WHAT TO DO - Reproduce the data below exactly as written. Pictures do not belong in the copy.

DATASET EXTRACT -

+ + +

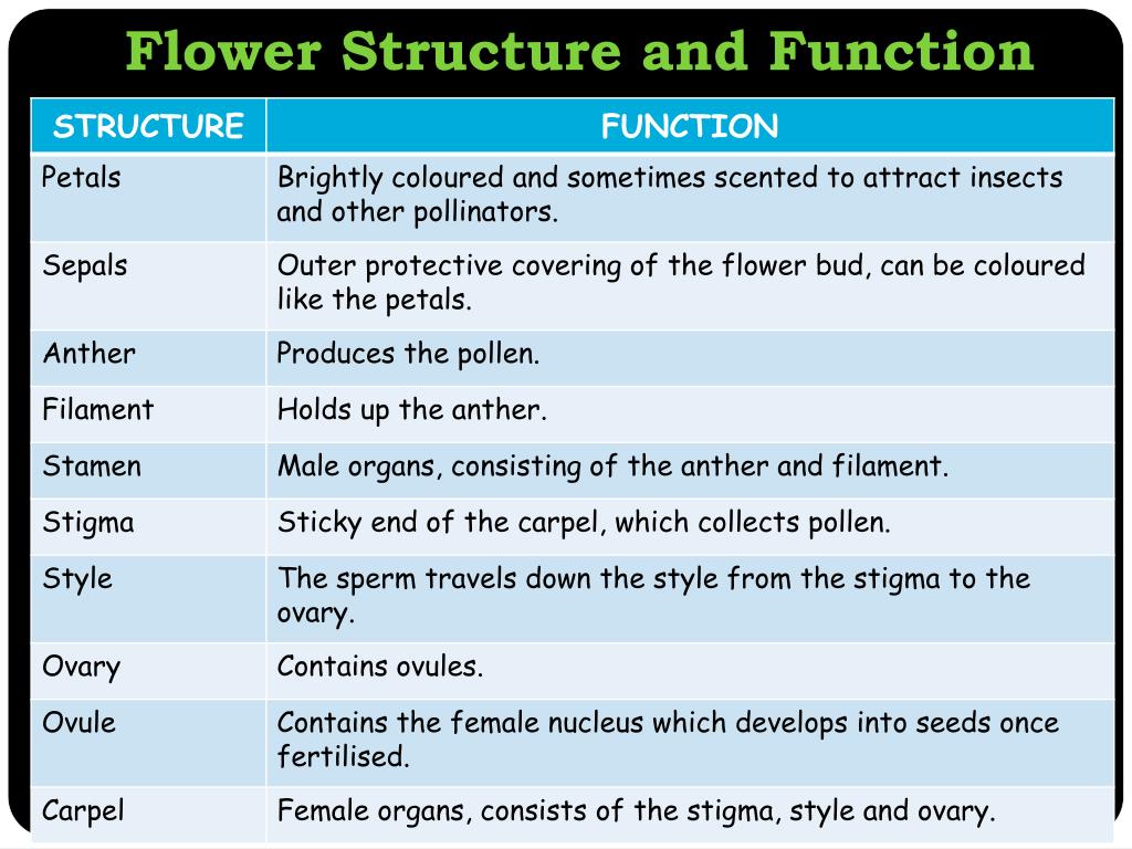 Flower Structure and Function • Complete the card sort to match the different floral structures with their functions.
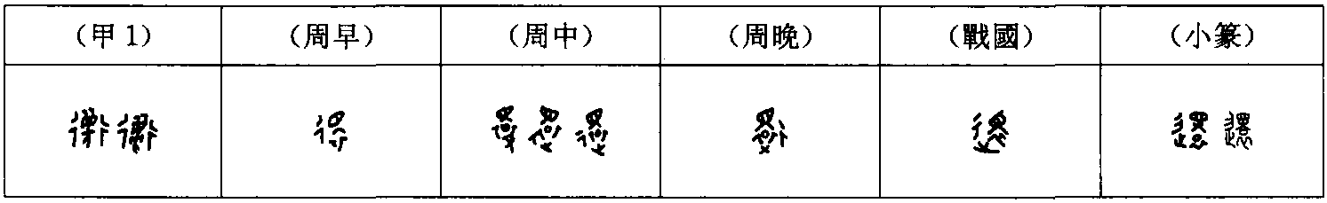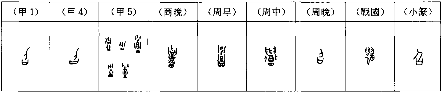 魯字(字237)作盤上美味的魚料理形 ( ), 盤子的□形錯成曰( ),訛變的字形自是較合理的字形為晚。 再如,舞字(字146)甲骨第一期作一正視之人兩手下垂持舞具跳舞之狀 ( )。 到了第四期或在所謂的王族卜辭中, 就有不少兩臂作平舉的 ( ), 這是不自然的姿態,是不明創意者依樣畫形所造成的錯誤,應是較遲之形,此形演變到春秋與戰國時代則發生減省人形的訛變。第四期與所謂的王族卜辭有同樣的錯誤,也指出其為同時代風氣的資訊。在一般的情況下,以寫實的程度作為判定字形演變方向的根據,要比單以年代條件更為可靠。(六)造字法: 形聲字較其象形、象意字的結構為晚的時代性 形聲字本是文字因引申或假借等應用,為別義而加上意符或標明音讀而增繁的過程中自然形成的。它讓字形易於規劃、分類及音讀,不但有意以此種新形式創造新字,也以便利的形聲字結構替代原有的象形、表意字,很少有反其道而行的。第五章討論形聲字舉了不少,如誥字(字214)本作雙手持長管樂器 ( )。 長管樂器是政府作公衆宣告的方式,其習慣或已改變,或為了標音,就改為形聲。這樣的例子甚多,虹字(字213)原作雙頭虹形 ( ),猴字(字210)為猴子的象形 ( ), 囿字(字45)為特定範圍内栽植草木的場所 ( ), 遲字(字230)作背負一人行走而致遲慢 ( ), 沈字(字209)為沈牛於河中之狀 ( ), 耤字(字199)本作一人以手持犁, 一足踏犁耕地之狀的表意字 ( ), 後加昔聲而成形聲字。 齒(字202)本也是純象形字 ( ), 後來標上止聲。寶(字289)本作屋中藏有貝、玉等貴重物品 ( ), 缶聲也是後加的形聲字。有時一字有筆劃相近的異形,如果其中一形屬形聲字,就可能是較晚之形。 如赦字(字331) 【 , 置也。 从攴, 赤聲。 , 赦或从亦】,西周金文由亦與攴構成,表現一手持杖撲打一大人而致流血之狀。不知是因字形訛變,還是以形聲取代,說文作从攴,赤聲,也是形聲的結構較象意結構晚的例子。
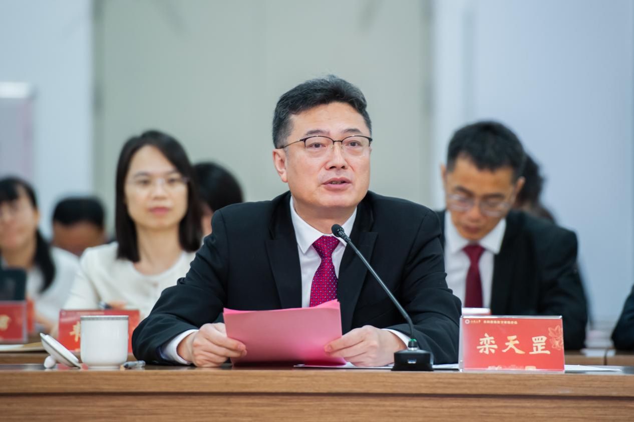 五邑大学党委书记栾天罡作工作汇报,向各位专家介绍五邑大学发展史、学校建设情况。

+ + +

SOLUTION TO THE EXERCISE -
 Flower Structure and Function • Complete the card sort to match the different floral structures with their functions.
 魯字(字237)作盤上美味的魚料理形 ( ), 盤子的□形錯成曰( ),訛變的字形自是較合理的字形為晚。 再如,舞字(字146)甲骨第一期作一正視之人兩手下垂持舞具跳舞之狀 ( )。 到了第四期或在所謂的王族卜辭中, 就有不少兩臂作平舉的 ( ), 這是不自然的姿態,是不明創意者依樣畫形所造成的錯誤,應是較遲之形,此形演變到春秋與戰國時代則發生減省人形的訛變。第四期與所謂的王族卜辭有同樣的錯誤,也指出其為同時代風氣的資訊。在一般的情況下,以寫實的程度作為判定字形演變方向的根據,要比單以年代條件更為可靠。(六)造字法: 形聲字較其象形、象意字的結構為晚的時代性 形聲字本是文字因引申或假借等應用,為別義而加上意符或標明音讀而增繁的過程中自然形成的。它讓字形易於規劃、分類及音讀,不但有意以此種新形式創造新字,也以便利的形聲字結構替代原有的象形、表意字,很少有反其道而行的。第五章討論形聲字舉了不少,如誥字(字214)本作雙手持長管樂器 ( )。 長管樂器是政府作公衆宣告的方式,其習慣或已改變,或為了標音,就改為形聲。這樣的例子甚多,虹字(字213)原作雙頭虹形 ( ),猴字(字210)為猴子的象形 ( ), 囿字(字45)為特定範圍内栽植草木的場所 ( ), 遲字(字230)作背負一人行走而致遲慢 ( ), 沈字(字209)為沈牛於河中之狀 ( ), 耤字(字199)本作一人以手持犁, 一足踏犁耕地之狀的表意字 ( ), 後加昔聲而成形聲字。 齒(字202)本也是純象形字 ( ), 後來標上止聲。寶(字289)本作屋中藏有貝、玉等貴重物品 ( ), 缶聲也是後加的形聲字。有時一字有筆劃相近的異形,如果其中一形屬形聲字,就可能是較晚之形。 如赦字(字331) 【 , 置也。 从攴, 赤聲。 , 赦或从亦】,西周金文由亦與攴構成,表現一手持杖撲打一大人而致流血之狀。不知是因字形訛變,還是以形聲取代,說文作从攴,赤聲,也是形聲的結構較象意結構晚的例子。
 五邑大学党委书记栾天罡作工作汇报,向各位专家介绍五邑大学发展史、学校建设情况。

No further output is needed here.